Of the lines in the material below, print only those from the one containing "(서울=포커스뉴스) 송위섭(왼쪽) 노사정위원회" to the one containing "2019年一季度,MOG H", ends included, exactly as written and without pictures.

┌──

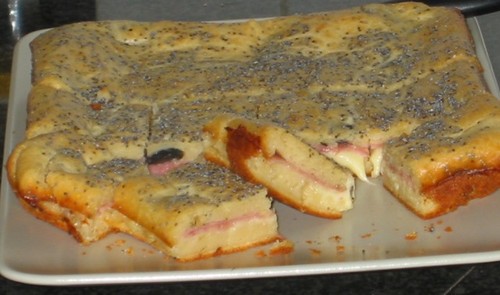 Por cima deita-se a restante massa que se polvilha com sementes de papoila.
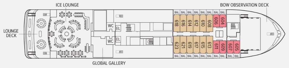 The singular Category 6 cabin is a junior suite with balcony, pull-out sofa, writing desk with chair, two bedside tables, coffee table, espresso maker, closet and private bathroom. Guests receive complimentary laundry and priority access to one igloo reservation and one spa appointment per departure.
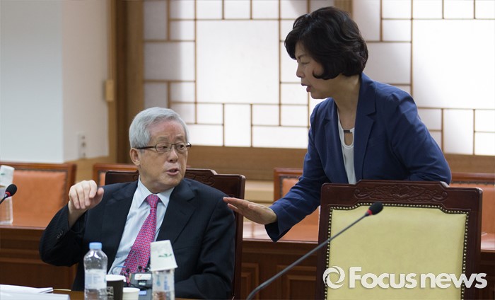 (서울=포커스뉴스) 송위섭(왼쪽) 노사정위원회 노동시장구조개선특위 위원장과 강정애 숙명여대 교수가 26일 오전 서울 종로구 정부서울청사 내 노사정 대회의실에서 열린 노동시장구조개선특별위원회 제26차 전체회의에 참석해 대화를 나누고 있다.
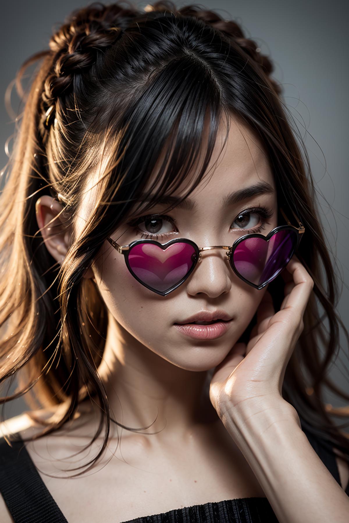 你可以尝试使用tag描述眼镜的类型,例如heart-shaped eyewear
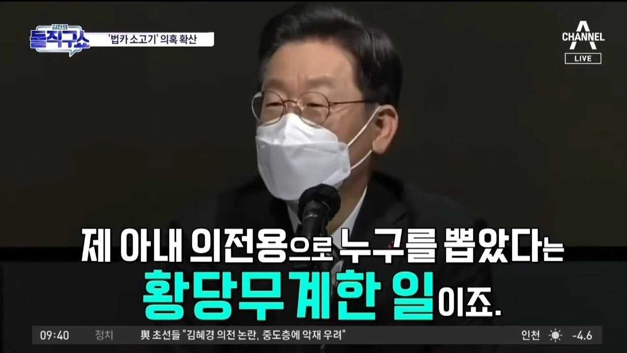 "이재명 '김혜경 비서 채용 가짜뉴스' 글삭튀" 정도면?
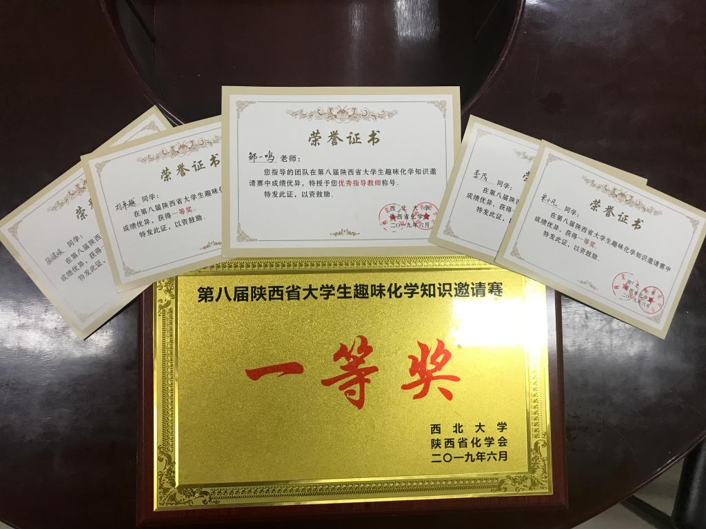 应用化学16级 李茂 一等奖、优秀队员
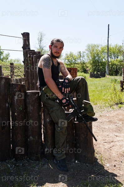 Бородатый мужчина с пейнтбольным ружьем
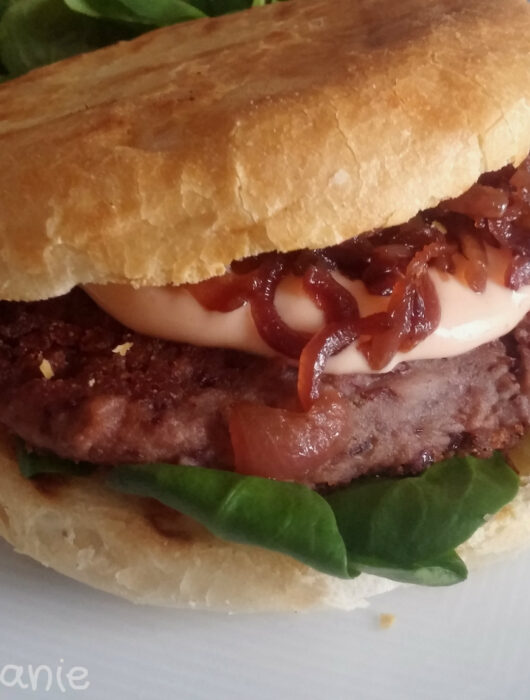 Burgers de haricots azuki, sauce rose et oignons caramélisés
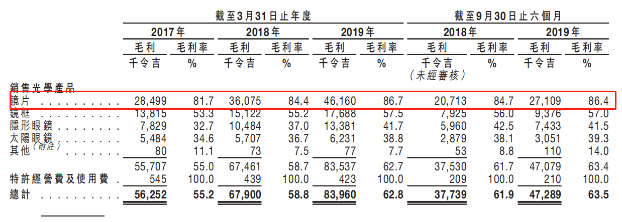 2019年一季度,MOG HOLDINGS的镜片产品毛利率水平高达86.7%,所有产品毛利率达到
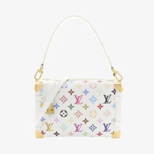 Louis Vuitton Side Trunk MM in LV x TM cowhide Monogram multicolor with white leather trim. A bold luxury handbag combining classic style and vibrant design.
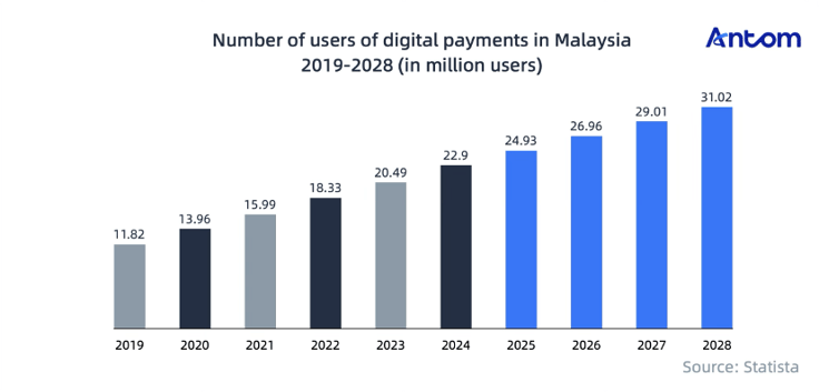 The number of digital payment users in Malaysia has been rising steadily. Statista estimates that from 2024 to 2028, this figure will grow by 35.45%, exceeding 31 million users by 2028, a new record high.

└──

* _Exercise solution_
 (서울=포커스뉴스) 송위섭(왼쪽) 노사정위원회 노동시장구조개선특위 위원장과 강정애 숙명여대 교수가 26일 오전 서울 종로구 정부서울청사 내 노사정 대회의실에서 열린 노동시장구조개선특별위원회 제26차 전체회의에 참석해 대화를 나누고 있다.
 你可以尝试使用tag描述眼镜的类型,例如heart-shaped eyewear
 "이재명 '김혜경 비서 채용 가짜뉴스' 글삭튀" 정도면?
 应用化学16级 李茂 一等奖、优秀队员
 Бородатый мужчина с пейнтбольным ружьем
 Burgers de haricots azuki, sauce rose et oignons caramélisés
 2019年一季度,MOG HOLDINGS的镜片产品毛利率水平高达86.7%,所有产品毛利率达到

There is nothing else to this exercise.